The start_offset = 30 days ensures late-arriving measurements from probes with poor connectivity are incorporated. A probe in a censored environment may buffer measurements locally and upload them in batch when connectivity is restored, potentially hours to days after the measurement was taken. Without this lookback, those measurements would never appear in the aggregate.

Retention tiers

Not all data needs to be available at the same speed forever. We implement a three-tier retention policy:

Tier        Age              Storage          Query latency
──────────────────────────────────────────────────────────────────
Hot         0–7 days         Uncompressed      < 100ms for country queries
Warm        7 days–1 year    Compressed        < 500ms for country queries
Cold        > 1 year         S3 Parquet        Minutes (Athena/DuckDB on demand)
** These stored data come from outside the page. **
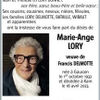 KAIN - TOURNAI Francis DELMOTTE (†), son époux ; Xavier DELMOTTE, Bernadette DELMOTTE, Vincent DELMOTTE (†), François DELMOTTE et Sandrine PINTO, ses enfants et sa belle-fille ; Elisabeth DELMOTTE et Richard SORDO PEREZ, Mathilde DELMOTTE et Dorian RIGOBERT, ses petites-filles et leur compagnon ; Daniel (†) et Marie-Paule HENROTTE-LORY, Jean et Thérèse (†) LORY-BONNET, ses frère, sœur, beau-frère et belle-sœur ; Ses cousins, cousines, neveux, nièces, filleules, Les familles LORY, DELMOTTE, BATAILLE, WIBAUT et apparentées ont la tristesse de vous faire part du décès de Marie-Ange LORY veuve de Francis DELMOTTE née à Gaurain le 1er octobre 1932 et décédée à Kain le 18 avril 2023. Les funérailles seront célébrées en l'église Notre-Dame de la Tombe à Kain le samedi 22 avril 2023 à 11 heures. Réunion à l'église. L'offrande tiendra lieu de condoléances. Son corps sera ensuite incinéré et les cendres déposées dans le caveau familial au cimetière du Sud à Tournai. Dans l'attente des funérailles, Marie-Ange repose au funérarium Fernand Ladavid à Tournai 18, chaussée de Douai. Visites de 11 à 19 heures. La famille remercie de tout cœur toutes les personnes qui s'associeront à sa peine. Le présent avis tient lieu de faire-part. 7540 Kain, rue des Ecoles, 52.
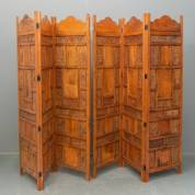 Zesslags hardhouten kamerscherm met opengewerkte paneeltjes, Indonesië, 20e eeuw -nu in twee delen van drie-, 182 × 51 cm per deel
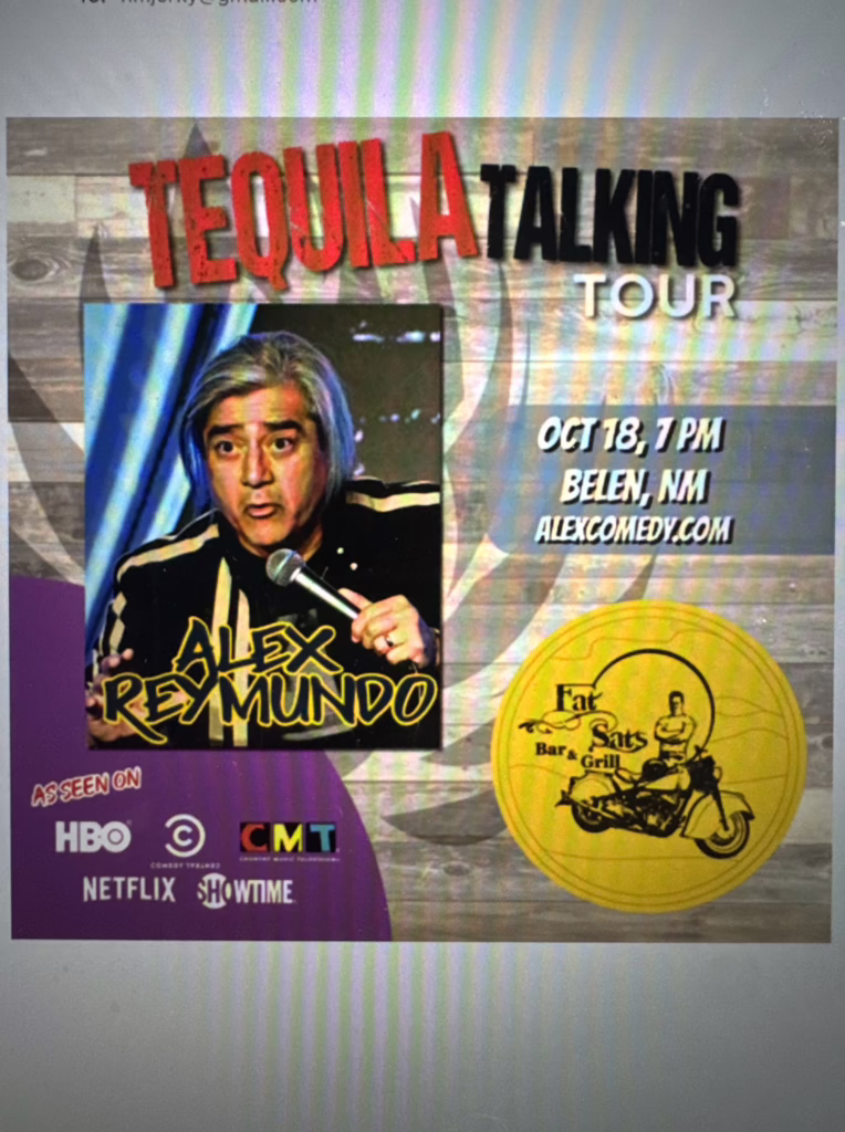 Tequila Talking Tour – 7pm – Fat Sat’s Bar and Grill – Who’s ready for a comedy night? Alex Reymundo is hitting the stage at FAT SATS BAR AND GRILL on October 18th! Don’t miss out, get your tickets now! Visit Fat Sats or hit Randy Gettings up at 505 738-9844.

-- Hot→Warm: automatic via TimescaleDB compression policy (7 days)
-- Warm→Cold: custom retention policy exports compressed chunks to S3

CREATE OR REPLACE PROCEDURE expire_old_chunks() AS $$
BEGIN
    -- Drop chunks older than 1 year from the live database
    -- (data already exported to S3 Parquet before this runs)
    PERFORM drop_chunks('measurements', older_than => INTERVAL '1 year');
END;
$$ LANGUAGE plpgsql;

-- Run nightly at 03:00 UTC
SELECT add_job('expire_old_chunks', '1 day', initial_start => '2025-01-01 03:00:00+00');

Before the warm→cold export runs, we export compressed chunks to S3 as Parquet files using a custom pg_parquet export worker. The exported Parquet files are the same files published to HuggingFace as the CC BY 4.0 public dataset — the public release and the archival export share the same export pipeline.

Indexes

TimescaleDB automatically creates a per-chunk index on the time column. We add the following additional indexes:

-- Selective indexes (built on each new chunk automatically via a hook)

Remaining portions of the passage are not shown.